L’infrastructure virtuelle est dissociée des disques sous-jacents

« Lorsque nous avons d’abord reçu des offres pour notre projet de virtualisation des serveurs, nous avons été abasourdis de constater que les coûts associés pour centraliser et protéger convenablement notre batterie de disques auraient consommé la majeure partie de notre budget. DataCore a véritablement sauvé notre projet. Son logiciel a considérablement réduit les coûts de stockage et les facteurs de complication en nous permettant d’utiliser nos ressources existantes. En parallèle, il a évité les risques en termes de performances et de disponibilité que l’adoption d’un stockage consolidé aurait engendrés pour nos nouvelles charges de travail virtualisées », explique Judy Pieper-Young, directrice des systèmes d’information chez North American Stainless.
 
Alors que certains fournisseurs dans le domaine de la virtualisation recommandent que les clients s’enferment dans des configurations de matériel de stockage spécifiques et des appliances dédiées spécifiques, SANsymphony-V les libère de la dépendance à l’égard du fournisseur de matériel, en dissociant l’infrastructure virtuelle des disques sous-jacents. La solution optimise également le débit E/S des périphériques de stockage standard qui auraient sinon exigé un remplacement. Lorsque les clients doivent ensuite accroître la capacité, il leur suffit de choisir la meilleure offre du moment parmi plusieurs fournisseurs concurrents au lieu de se limiter au matériel d’un fournisseur particulier.

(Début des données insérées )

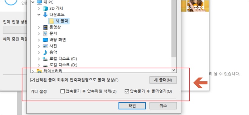 그럼 결과물을 저장할 폴더를 선택할 수 있는 창이 열려요. 기타 설정 부분을 보면 압축 해제 이후에 기존 파일을 삭제하거나 결과물이 저장된 폴더 열기를 할 수 있어요. 그럼 결과물을 저장할 폴더의 위치를 설정한 상태에서 확인 버튼을 클릭해 주세요. 그럼 분할 압축 풀기를 완료할 수 있어요.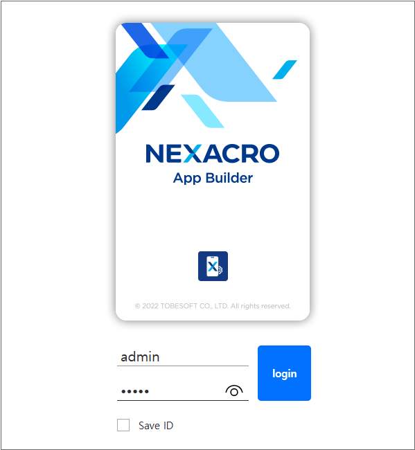 After installing the App Builder, access the management console and proceed with the settings for using the App Builder. When you access the management console, the login window is displayed. When logging in for the first time, the ID is "admin" and the Password is "admin". The password can be changed from the menu [User] after logging in.

SANsymphony-V accélère davantage la transition entre des machines physiques et virtuelles en tirant pleinement parti des disques durs et des données des systèmes d’origine. Les fonctionnalités avancées, toutes indépendantes des périphériques, englobent le regroupement en pool des disques, la mise en cache ultra-rapide, la mise en miroir synchrone, la réplication distante asynchrone, les migrations de disques sans interruption et les snapshots en ligne à faible impact. SANsymphony-V présente également différentes nouveautés pour mieux protéger les charges de travail et éviter les interruptions, notamment la protection continue des données (CDP) intégrée, la reprise multi-site et la réplication à haut débit et compression de trafic.